The waterproofing stuff I used (Ardex) was specified by the manufacturer to be installed over the screed, not under it. Personally I would stick with the manufacturers recommendations as they are the ones who will ultimately warrant the product.

----------


## Billy22Bob

Sorry I havent gotten back earlier. 
1. I established my "intile" central waste level as low as I could. Even gouged out some concrete to get it in. I then lasered out and found I could hit a 20mm grade from the doorway level (stopping angle) which is determined by my carpet level in the adjoing hallway (18mm). Thats 2m away so satisfies the 1:100-1:80 for non-shower areas as per standard.
2. The cement substrate floor was graded to the original waste which I reused and my layout is pretty much identical. As such, my beeding depth ranged between 20-3mm and as a result, (as above) I couldnt use sand and cement. I went with Lanko 173 floor leveler - great stuff but exy$. I have now used 7 bags at $30/bag (bunnings) but it goes off quick and says on the bag you can tile over it "in 4hours"....! Well, I havent dont that, but it goes off within 1 and sets within 2. It's also very scultpurable (if thats a word) and you can shape it after an hour.
3. So all the all final tile heights at the perimeters are done to +20mm from the top tip of the waste no matter how far they go - some 1500mm some 2000mm - all meet the standard.
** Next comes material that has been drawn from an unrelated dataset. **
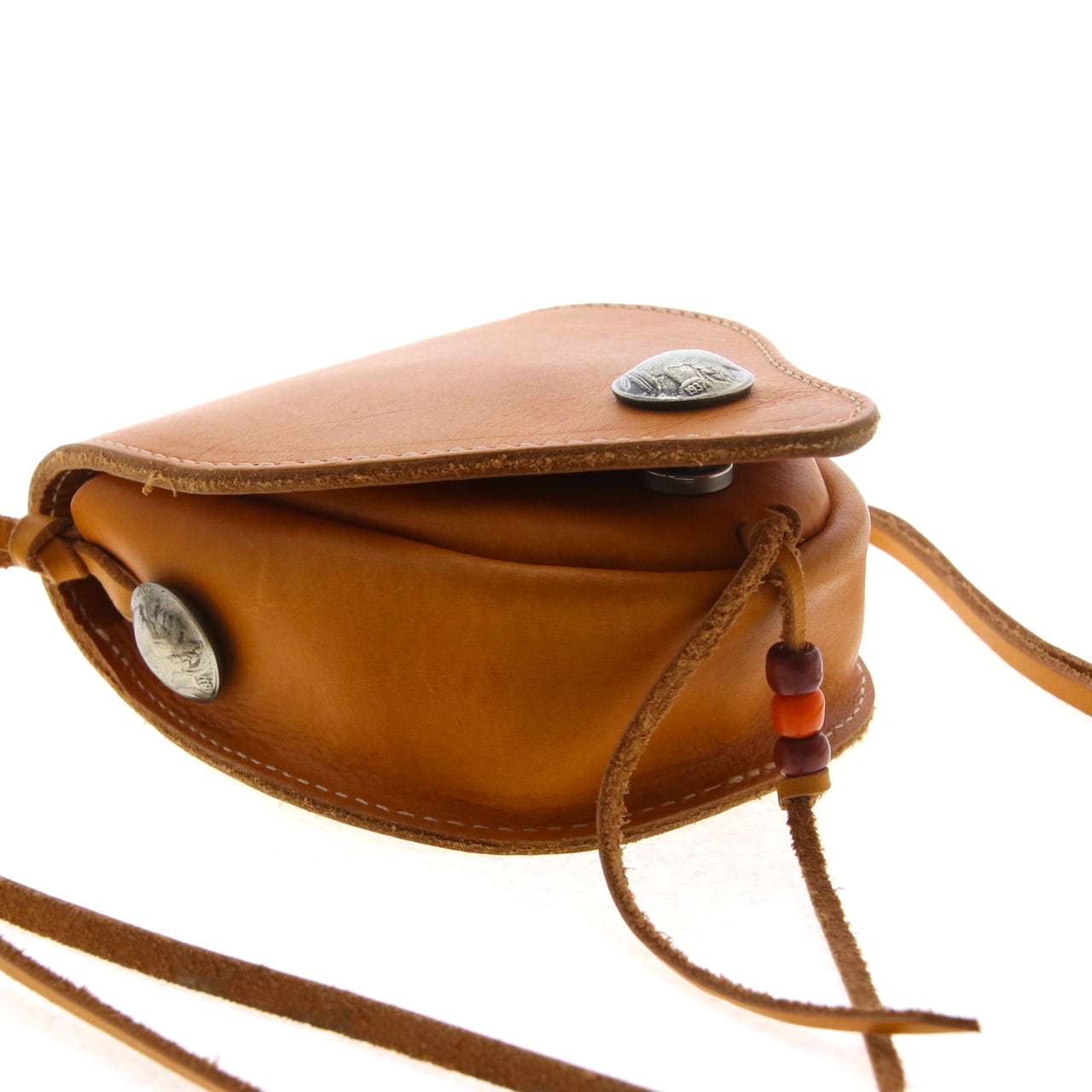 フラップと本体サイドに5セントコインのレプリカコンチョが付きます。

This will allow my wall tiles to be pretty much level.
4. Due to the 4hour - you can tile on it - Lanko claim  - I water proofed (primed) with Gripset 38 after about 14hrs. Thats the photo above. I then took to getting the shower hob set out and that's been the baine of my exsitence for the past 24hrs. Not so muhch the levels, but these new shower trays....tredny...but so much more surace/perimeter to get right efore membrane. Its finally ready for membrane prime tommorow morning. I did start to use sand and cement in the shower hob because of the volume/grade/lift and hence the cost - but the wait to set time really got to me so I went and bought a couple more bags of Lanko 173. So 7x$30=$210!!!! But that's bathrooms for you.

----------


## Billy22Bob

Though I''d post some pics of todays effort. Apart from mowing etc... 
I used geotex fabric for the shower base and you can see how I plan to drain any residue that gets under the tile adhesive down the waste.

----------


## Scottythetiler

lookin good mate.  how long is the extension on the base of the shower waste?  i have seen some brands of those trays that are only about 10mm sticking down.  if so, extend it with some piping of any kind and silicone/sikaflex.  its best to have 40mm or more to stop capillary action.

----------


## Billy22Bob

You are correct - 6mm snout.
I have it designed so that the tray will be "glued" somehow to the membrane base and that "snout" in the tray slips directly into the "slotted" inner 40mm tube by the 6mm. The Outer 65mm tube is to capture seapage (if any) from the membrane and direct it via the slots into the 40mm tube waste.
This was one of those multi size adapter thingies which I cut up to suit. 
I was going to sika the two rings to the base of the tray - as for the rest of the base of the tray surface ....more mebrane liquid? That seems to stick to anything and stay very sticked.

----------


## Scottythetiler

sikaflex sticks like @@@@ to a blanket so use that.  the waterproofing can work but its not meant to be an adhesive and so if used thickly, it may not set as well.  dont use tile glue as it will hold but not for years and years. 
hopefully the system you have devised will be enough for the water mate.  in theory its fine but i have seen water do all kinds of crazy things!

----------